I saw that you had commented on adjusted plus/minus statistics for basketball in a few of your blog entries [see also here]. I’ve been working on a Bayesian version of the model used by Dan Rosenbaum, and wondered if I could ask you a question.

I wanted to be able to update the posterior after each sequence of game play between substitutions, so I decided to use the standard exact inference update for a normal-normal Bayesian linear regression model. If you’re familiar with Chris Bishop’s recent book, Pattern Recognition and Machine Learning, the updating equations for this are 3.50 and 3.51 on page 153. I felt OK with using a normal prior based on some past research I did in multiplayer game match-making with Shane Reese at BYU. The tricky part comes with using exact inference for updating the posterior. The updating method is very sensitive to the prior covariance matrix. I start with a diagonal covariance matrix, and if the initial player variances I choose are too high, the +/- estimates can go to infinity after several updates. I thought this was related to the data sparsity causing an ill-conditioned update matrix, but I thought I’d ask in case you’d had any experience with this type of problem.

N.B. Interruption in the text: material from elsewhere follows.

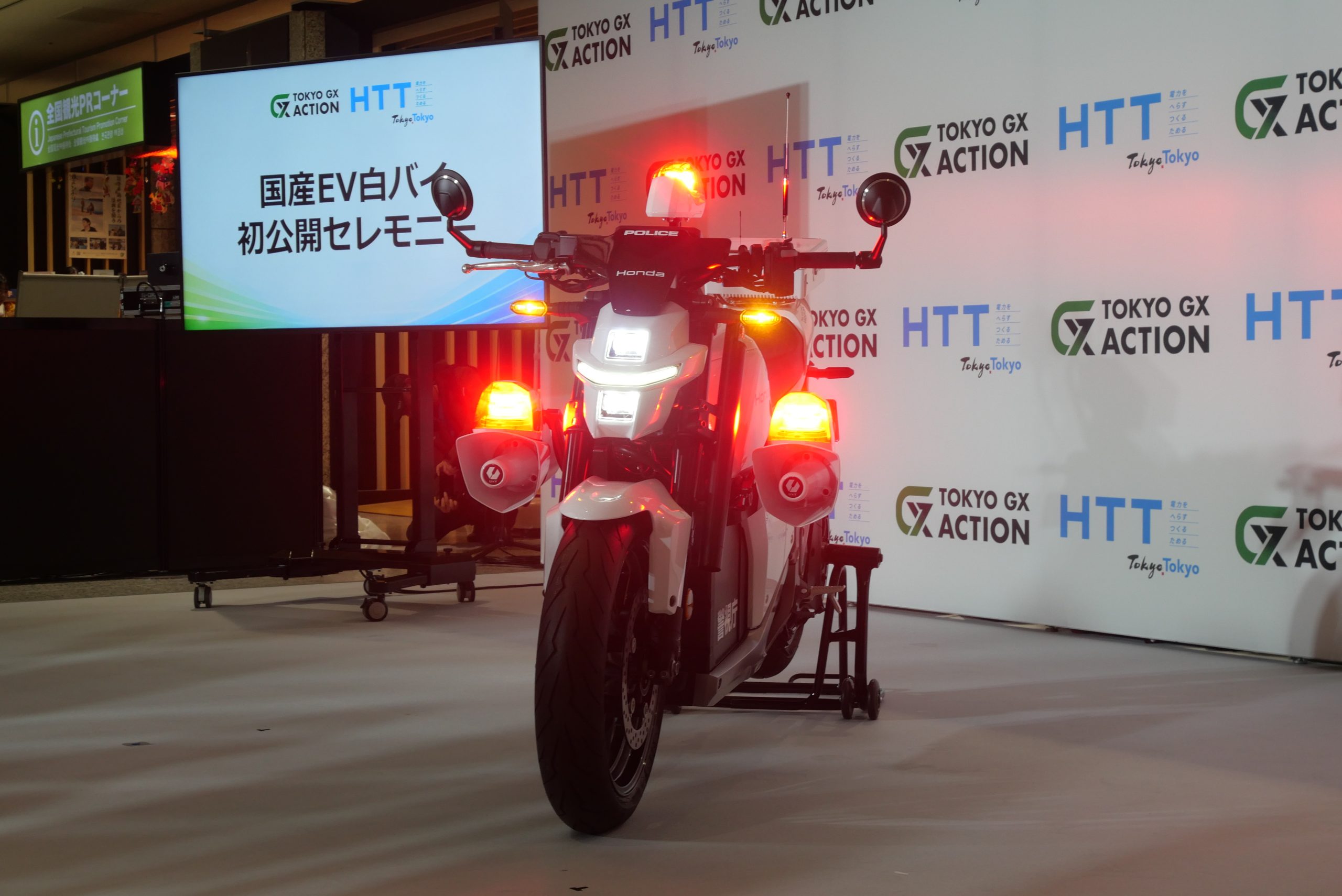 東京都がマラソンや駅伝などの先導車として使用していたEVバイクの白バイは、これまで独BMW製だったが、今回初めて日本メーカー製を採用した。ベース車に赤色灯などを取り付け、白バイ仕様に仕上げた。箱根駅伝終了後の活用は未定という。

Have you dealt with an issue like this before? If I set the prior variances low enough, I get reasonable results, and the ordering of the final ranking is fairly robust to changes in the prior. It’s just the estimation process itself that doesn’t “feel” as robust as I’d prefer, so I don’t know that I trust the adjusted values (final coefficients) to be meaningful.

I don’t think I can use MCMC in this situation either because trying to get 100,000 samples using 38,000+ data points and 400+ parameters feels intractable to me. I could be wrong there as well since I suppose I only need to include the current players in each match-up within the log likelihood. But it would still take quite a bit of time.

It would also be nice to go with the sequential updating version if possible since I could provide adjusted +/- values instantly after each game, if not after each match-up.

My reply:

1. I’d try the scaled inverse Wishart prior distribution as described in my book with Hill. This allows the correlations to be estimated from data in a way that still allows you to provide a reasonable amount of information about the scale parameters.

2. I’d go with the estimation procedure that gives reasonable estimates, then do some posterior predictive checks, as described in chapter 6 of Bayesian Data Analysis. (Sorry for always referencing myself; it’s just the most accessible reference for me!) This should give you some sense of the aspects of the data that are not captured well by the model.

3. Finally, you can simulate some fake data from your model and check that your inferential procedure gives reasonable estimates. Cook, Rubin, and I discussed a formal way of doing this, but you can probably do it informally and still build some confidence in your method.

A quick suggestion if the exact inference doesn't work – why not try sequential importance sampling (aka particle filtering) instead? If you generate your draws (e.g. by MCMC) before the game starts, then at each play you update their weights by the new likelihood. I think there are also methods for regenerating particles as the old ones become too useless, and I guess you could run that during the plays.

Bob

Thanks for the suggestions. We definitely need to do checks along the lines of #2 and #3 to check both how the numbers line up, and whether or not the resulting values assigned to the players fit intuition. Although, you would hope that applying a new method to analyzing player performance would turn up some surprises. I may try the suggested prior as well for comparison.

The particle filtering suggestion also sounds interesting. I haven't coded up a particle filter in a few years, but I remember enjoying it. It also may handle the noise better than a direct fit.

I haven't tried simulating at the sequence level using the models I've fit, but I have taken the +/- values I've fit per player and then predicted how much a team will outscore or be outscored over the course of a season. The current results show that for most teams, the estimated number of points is significantly higher than the actual. It is, however, usually in the right direction (the correlation is 0.9)

Coming from a CS background, I don't have as formal a training in regression analysis, but would I be correct in thinking that inflated coefficients suggests I'm leaving something out of the model that is getting spread over the coefficients? For example, it could be a result of ignoring player-player interactions, which are probably important in basketball.

The mean +/- value for a player also comes out greater than 0, which is odd since I'd expect the average player, when weighted by time-played, to be closer to 0.

Thanks again!